Оно достанется Люкнеру! До сих пор Франция знала его как виновника того зла, которое он причинил ей во время Семилетней войны.

Оно будет в руках Рошамбо, стремившегося лишь к оборонительной войне; он был уязвлен тем, что Дюмурье обращается прямо к его лейтенантам, не отдавая свои приказы на суд старого опытного командира.

Все три перечисленных выше господина командовали готовыми к выступлению армейскими корпусами.

Лафайет стоял во главе передового корпуса; ему надлежало спуститься вниз по реке Мез и вытеснить противника из Живе в Намюр.

Люкнер охранял Франш-Конте; Рошамбо — Фландрию.

Лафайет, опираясь на корпус, который Рошамбо должен был прислать из Фландрии под командованием Бирона, освободит Намюр и двинется на Брюссель, где его с распростертыми объятиями будут встречать брабантские революционеры.
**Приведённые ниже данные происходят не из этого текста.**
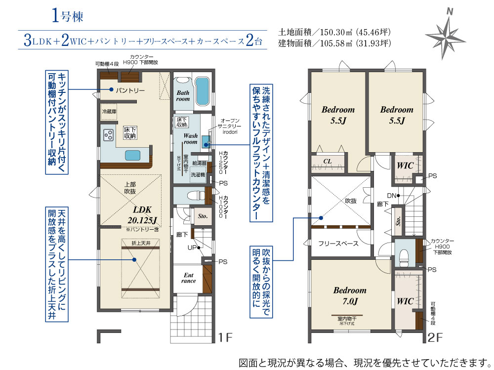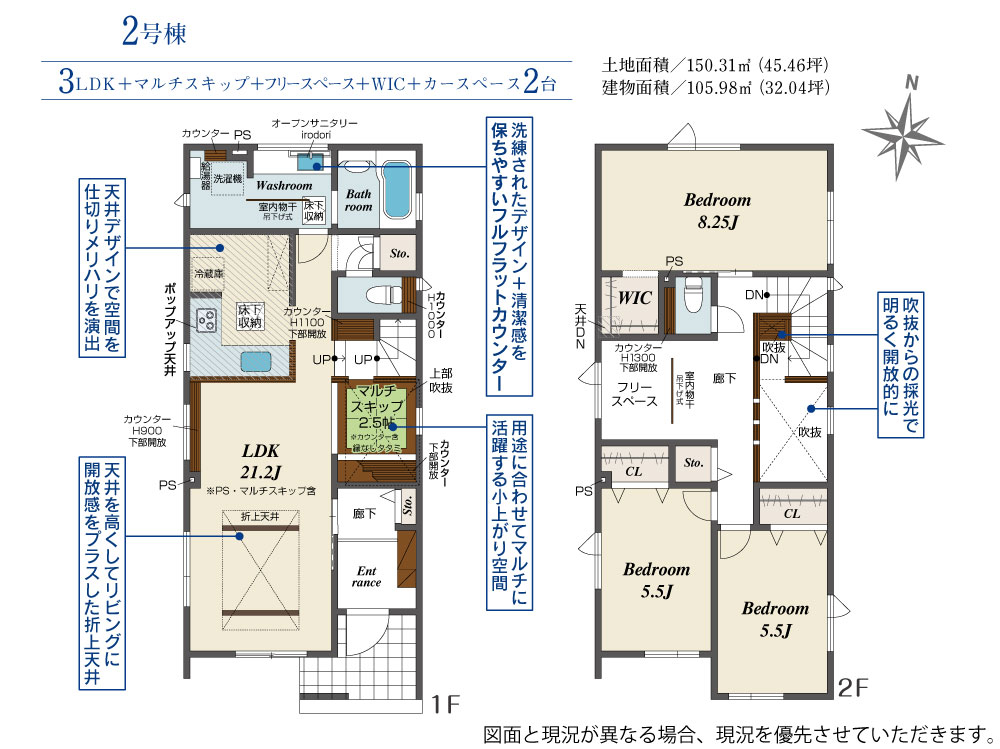 | 建物面積 | 105.47m2(約31.90坪)~105.58m2(約31.93坪) | 土地面積 | 150.30m2(約45.46坪)~150.31m2(約45.46坪) |

Лафайету выпала прекрасная роль: он был в авангарде; именно ему Дюмурье предоставлял возможность первой победы.

Эта победа давала ему возможность стать главнокомандующим.

Если Лафайет станет победителем и главнокомандующим, а военным министром останется Дюмурье, они смогут забросить красный колпак в дальний угол; одной рукой они придушат Жиронду, а другой — якобинцев.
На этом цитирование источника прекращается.